Как я от уст его слыхал, да и по моему замечанию, когда что-либо я писывал у него, слово его столь иногда скоротечно из уст его проистекало, что я не успевал писать. А когда не столь Дух Святый в нем действовал, то от непространных его мыслей или от задумчивости отсылал он меня в свою келлию, а сам, став на колена, а иногда крестообразно распростерт, маливался со слезами Богу о ниспослании Вседействующего. Призвав же паки меня, начнет говорить так пространно, что я не успевал иногда рукою водить пера. Он был великий любитель Священного Писания: в положенные часы он всегда прочитывал сам что-либо из Ветхого Завета, а паче из пророческих книг; а Новый Завет ночным временем читывал или сам, или через келейника. Хотя я писывал у него и вечерами при засвете огня, но более в утренние часы, пред позднею литургиею. Даже и во время употребления им обеденной пищи всегда келейный читал ему что-либо из Ветхого Завета, а паче Исайю пророка; вечерами ж иногда из Четий-Миней или святых отцов и сам он прочитывал. Тут я слыхал от него многократно о Новом Завете, что ежели б не относящийся до черни соблазн [81]

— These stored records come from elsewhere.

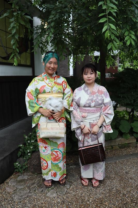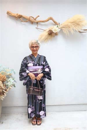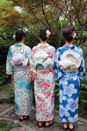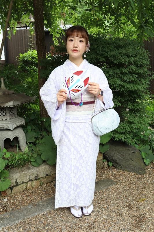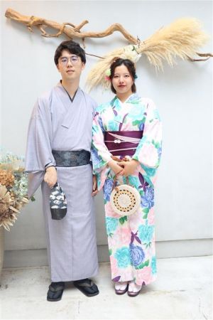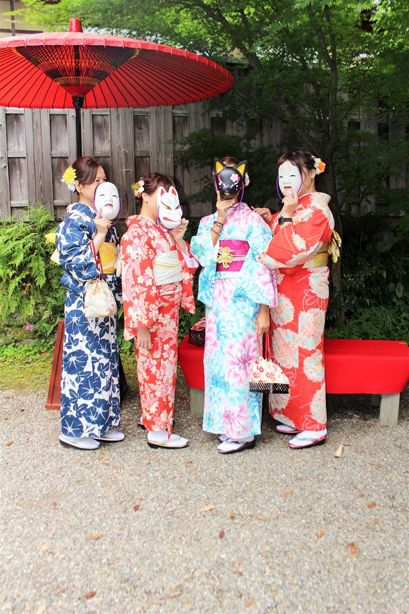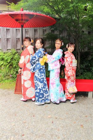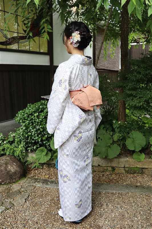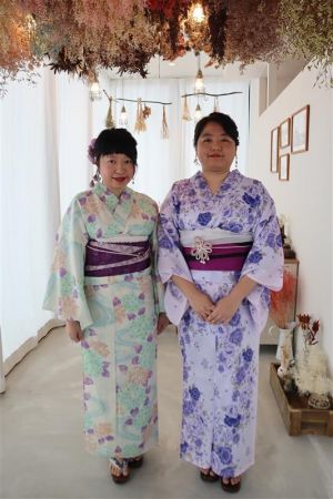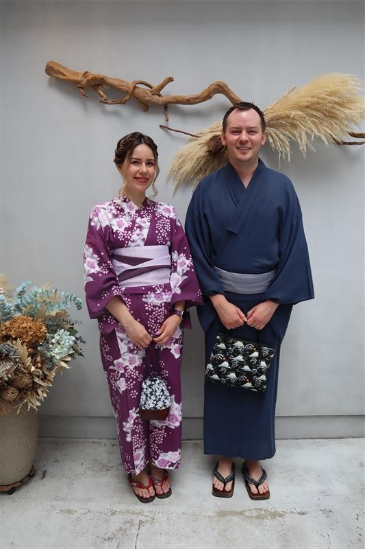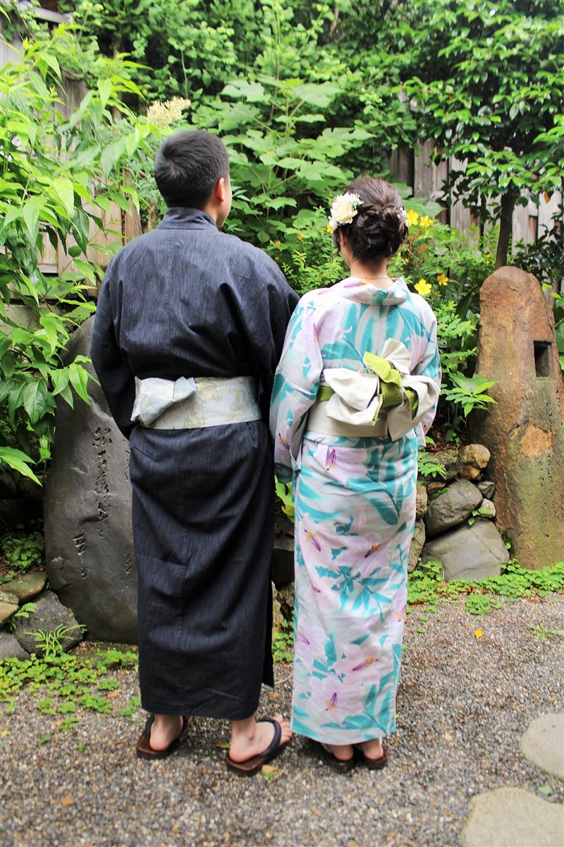 紫陽花色や紫陽花柄の浴衣を着てみたり、傘をさしたりして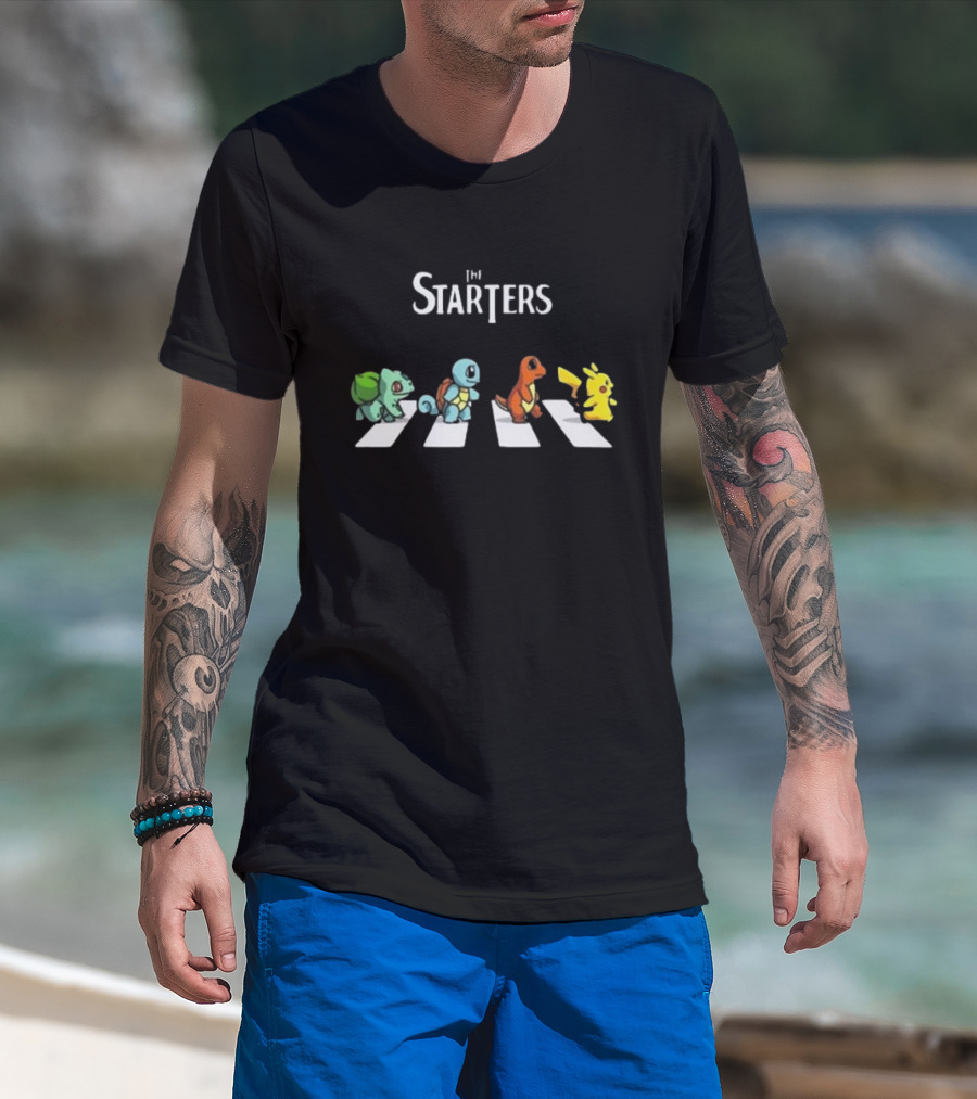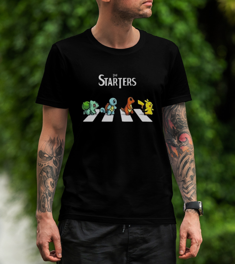 The Starters Pokemon Abbey Road Parody With Bulbasaur Squirtle Charmander Pikachu T-Shirt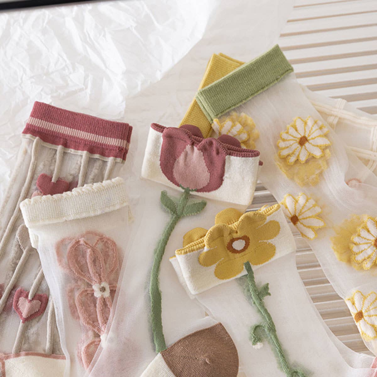 FLORAL SUMMER SHEER MESH SOCKS FOR WOMENS\nSIZE:OS(5)\n100% POLYESTER\nMADE IN CHINA\n\nFabric: Crystal silk\nConstruction: Seamless, boneless\nNot: Machine stitched\nFeatures: Quick-drying, sweat-wicking, friction-resistant\nDesign: Botanical floral\nPackaging: Pouch\nGender: Female\nAge Range: Youth (13-18 years old), Young Adults (18-40 years old), Middle-aged (40-60 years old)\nMain Fabric Composition: Nylon\nSock Height: Mid-calf\nNeedle Count: 200N\nSuitable Seasons: Summer, Spring\nProduct Category: Casual Everyday Socks\nColors: 3D Tulip, Full-body Flowers, Vertical Striped Hearts, Lotus Hearts, 3D Yellow Flowers, Checkered Blooms\nSize: One size\nImported: No\nComposition and Content: 50%\nMain Fabric Composition Content: 50% - 70%\nStyle: Casual\nWeaving Method: Single needle\n\nTypes of products that will be on the shelves during this period: \nsocks for women£¬socks for girls£¬socks with grips for women£¬socks for flats£¬socks for women no show£¬socks for women ankle high£¬socks for women crew length

, а паче до многоразличных сект раскольнических, то можно б было, говорит, мне взять на себя труд перевести Новый Завет с греческого языка на нынешний штиль, дабы простолюдинам было внятно, и чтобы для полезного чтения многих выпечатано было на одной стороне, как ныне есть, славянски, а на другой внятным переводом. Мысль сию намеревался он сообщить Преосвященному Новгородскому и прочим, но, за ослаблением здоровья своего, оставил сие полезнейшее свое намерение.Он горько оплакивал заблуждения многоразличных сект раскольнических и не мог терпеть их ожесточения. Мне самолично случалось слышать увещания его некоторым из донских казаков, раскольнической придерживавшихся секты. В минувшем 1778 или 1779 году приезжают они к нему, и с ними священник Оксайской станицы отец Василий (ныне уже покойный); веруя и повинуясь увещаниям пастыря, которого и они чтили, соединились они Святой Церкви и хотели возвратиться обратно на Дон в свои домы. Но Преосвященный, для лучшего удостоверения их, присоветовал им съездить в Святейший Синод и к Гавриилу, митрополиту Новгородскому. Священник с ними и ездил. Возвратясь оттуда с совершенною приверженностию к Святой Церкви, изъявляли они ему свою благодарность. И как скоро повидел он их у себя, то, взяв начальника той раскольнической секты в свои святительские объятия, со слезами и радостным духом возгласил тако: «Наш еси, Исаакий!
О обращении оных донских раскольников очень нужно внести: поелику некоторый в Петербурге протопоп в своем изданном в свет описании раскольнических сект хотя и включил, не знаю почему, имя покойного Преосвященного, но все не так сходно [83]
.Во время ярмарочного при Задонском монастыре сбора он в храм на славословие не хаживал, но, уединясь в своих келлиях, находился в богомыслии, когда же, вышедши из молитвенной келлии в зал, усмотрит в окна из приехавших на ярмарку господ, идущих в церковь на богомоление, а паче женского полу, одетых щегольски, скороходых вертушек, намазанных белилами и румянами и распудренных, – с наполненными слез очами говаривал: «Бедные, ослепленные христиане! Смертное тело свое убирают и украшают, а о доброте душ своих едва ль когда вспомнят; очернели от грехов, аки мурин [84]
, не знающий Бога и не верующий во Христа Сына Божия». Случалось в таком уборе приезжать к нему женским особам для принятия благословения; в таких случаях он незнакомым отказывал, якобы за слабостью здоровья своего не в силах их принять, а прочим иногда (и от глубокого смирения своего) скажет чрез меня, что все равно – могут получить благословение и от иеромонахов. Когда же для получения пользы душевной приезжали к нему с своими женами жившие вблизи помещики, то все свои уборы, а паче головной, пудры и пукли [85] женщины отлагали и являлись к нему переодетыми в смиренное одеяние. Когда в силах бывал, Преосвященный допускал до себя всех, всякого рода и звания, а паче из духовного чина, и преподавал душевную пользу.